Using the records below, copy exactly the part that opens with the line holding "Centrally located top" and closes with the line holding "Lắng nghe câu", minus the pictures.

• Record set
════════

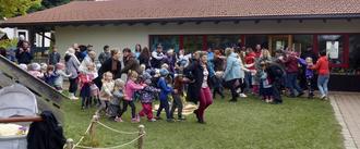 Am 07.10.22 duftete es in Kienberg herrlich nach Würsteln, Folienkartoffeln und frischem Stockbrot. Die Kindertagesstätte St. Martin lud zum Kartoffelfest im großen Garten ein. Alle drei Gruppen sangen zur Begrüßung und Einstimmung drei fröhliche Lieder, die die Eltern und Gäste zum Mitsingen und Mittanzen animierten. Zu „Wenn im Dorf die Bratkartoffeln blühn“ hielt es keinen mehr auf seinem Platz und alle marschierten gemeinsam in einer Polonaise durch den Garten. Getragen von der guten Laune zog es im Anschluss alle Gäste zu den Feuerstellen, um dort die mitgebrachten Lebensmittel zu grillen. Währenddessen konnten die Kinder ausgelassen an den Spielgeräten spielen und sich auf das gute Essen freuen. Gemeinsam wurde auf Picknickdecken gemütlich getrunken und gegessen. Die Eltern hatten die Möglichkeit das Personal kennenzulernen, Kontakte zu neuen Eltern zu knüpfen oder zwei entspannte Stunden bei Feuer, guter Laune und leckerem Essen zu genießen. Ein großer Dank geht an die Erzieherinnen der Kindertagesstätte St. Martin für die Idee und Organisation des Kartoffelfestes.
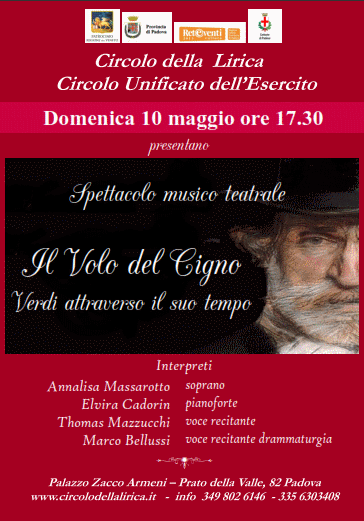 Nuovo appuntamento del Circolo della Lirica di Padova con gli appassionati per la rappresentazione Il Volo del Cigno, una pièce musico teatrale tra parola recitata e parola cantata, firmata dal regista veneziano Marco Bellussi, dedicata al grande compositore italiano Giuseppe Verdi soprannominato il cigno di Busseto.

════════

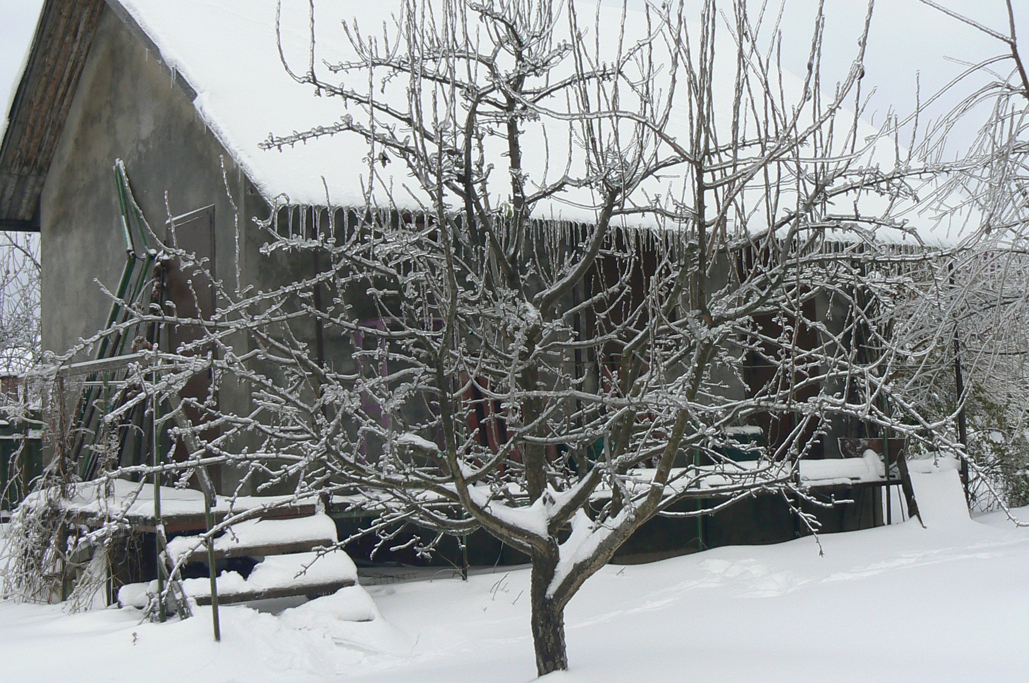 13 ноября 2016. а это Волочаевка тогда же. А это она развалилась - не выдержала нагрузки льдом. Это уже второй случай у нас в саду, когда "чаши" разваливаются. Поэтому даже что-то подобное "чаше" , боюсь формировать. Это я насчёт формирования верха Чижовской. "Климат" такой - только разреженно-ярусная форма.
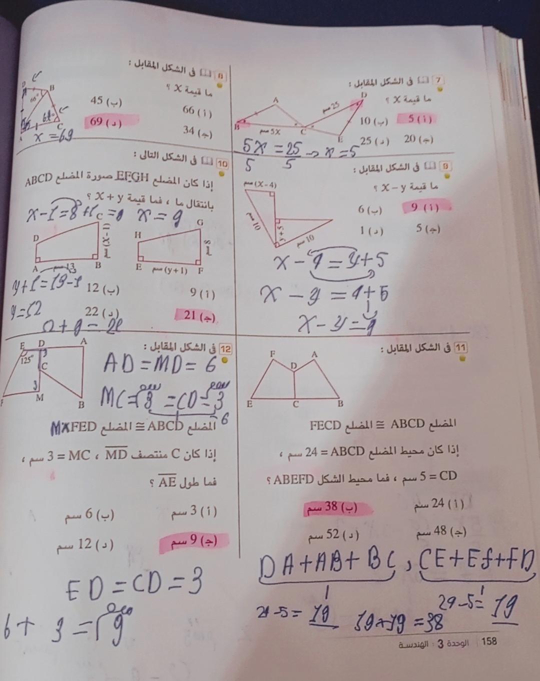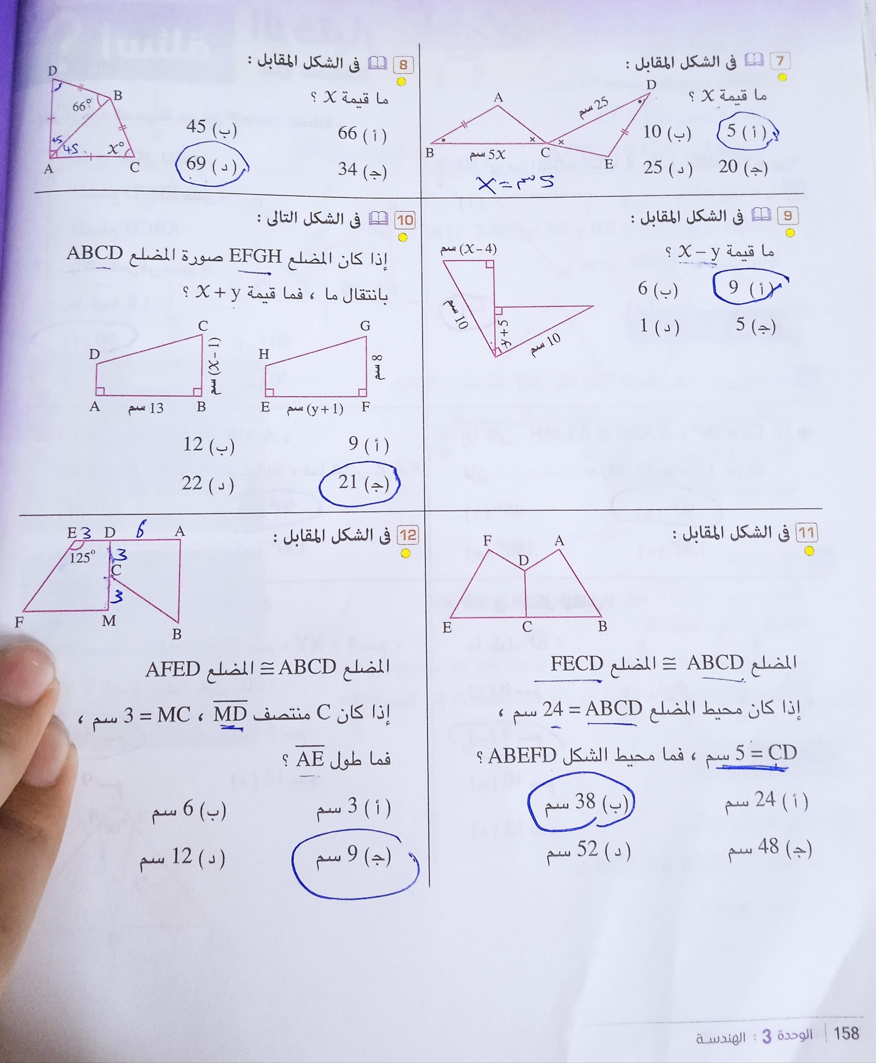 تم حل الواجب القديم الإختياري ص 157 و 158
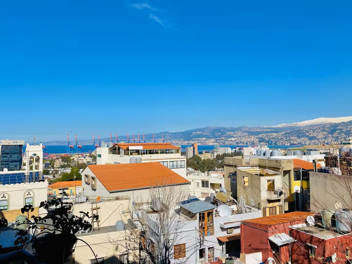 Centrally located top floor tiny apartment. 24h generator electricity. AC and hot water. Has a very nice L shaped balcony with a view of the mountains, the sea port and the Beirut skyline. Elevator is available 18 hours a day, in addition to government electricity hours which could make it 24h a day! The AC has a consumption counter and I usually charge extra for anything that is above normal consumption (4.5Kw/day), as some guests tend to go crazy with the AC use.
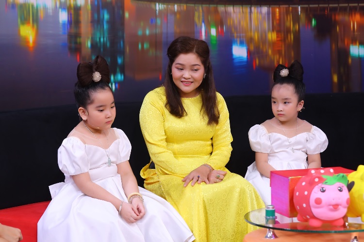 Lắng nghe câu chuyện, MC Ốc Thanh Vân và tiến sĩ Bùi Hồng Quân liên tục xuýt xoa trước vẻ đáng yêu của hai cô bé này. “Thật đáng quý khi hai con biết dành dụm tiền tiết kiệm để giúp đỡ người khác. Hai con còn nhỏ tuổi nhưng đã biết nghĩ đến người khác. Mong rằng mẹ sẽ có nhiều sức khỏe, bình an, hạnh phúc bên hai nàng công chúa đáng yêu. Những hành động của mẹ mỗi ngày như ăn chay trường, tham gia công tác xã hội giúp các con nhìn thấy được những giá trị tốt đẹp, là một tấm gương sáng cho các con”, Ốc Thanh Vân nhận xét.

════════

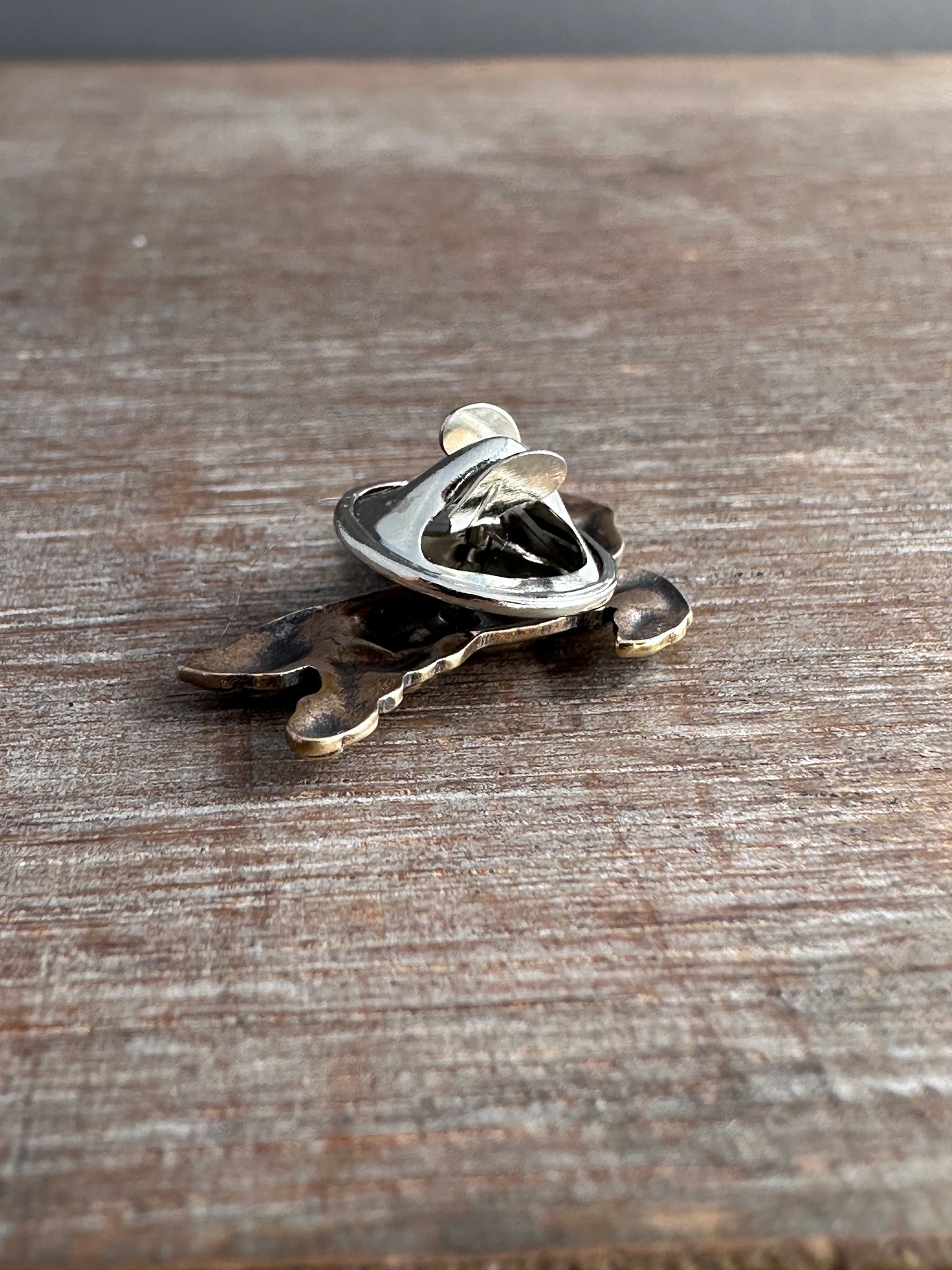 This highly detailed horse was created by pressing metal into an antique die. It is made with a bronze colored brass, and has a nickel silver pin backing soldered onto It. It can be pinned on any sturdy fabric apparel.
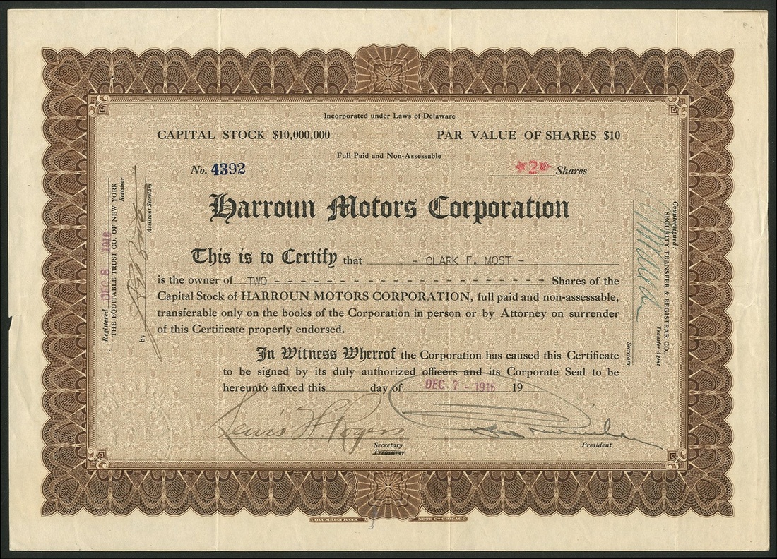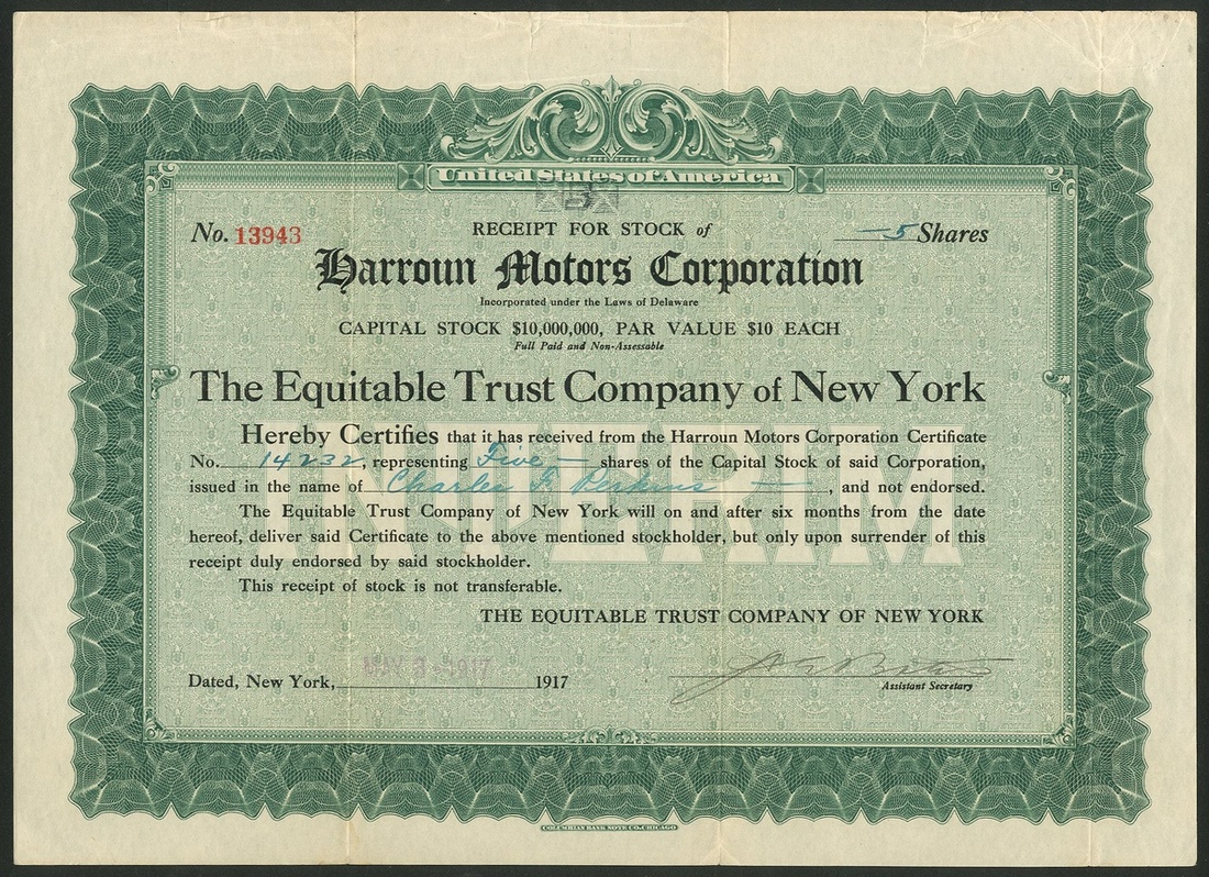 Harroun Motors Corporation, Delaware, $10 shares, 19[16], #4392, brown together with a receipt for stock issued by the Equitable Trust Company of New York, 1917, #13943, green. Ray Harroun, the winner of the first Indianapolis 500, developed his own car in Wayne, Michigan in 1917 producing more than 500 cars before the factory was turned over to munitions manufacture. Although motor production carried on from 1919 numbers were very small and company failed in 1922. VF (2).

════════

• Answer to this problem
 Centrally located top floor tiny apartment. 24h generator electricity. AC and hot water. Has a very nice L shaped balcony with a view of the mountains, the sea port and the Beirut skyline. Elevator is available 18 hours a day, in addition to government electricity hours which could make it 24h a day! The AC has a consumption counter and I usually charge extra for anything that is above normal consumption (4.5Kw/day), as some guests tend to go crazy with the AC use.
 Lắng nghe câu chuyện, MC Ốc Thanh Vân và tiến sĩ Bùi Hồng Quân liên tục xuýt xoa trước vẻ đáng yêu của hai cô bé này. “Thật đáng quý khi hai con biết dành dụm tiền tiết kiệm để giúp đỡ người khác. Hai con còn nhỏ tuổi nhưng đã biết nghĩ đến người khác. Mong rằng mẹ sẽ có nhiều sức khỏe, bình an, hạnh phúc bên hai nàng công chúa đáng yêu. Những hành động của mẹ mỗi ngày như ăn chay trường, tham gia công tác xã hội giúp các con nhìn thấy được những giá trị tốt đẹp, là một tấm gương sáng cho các con”, Ốc Thanh Vân nhận xét.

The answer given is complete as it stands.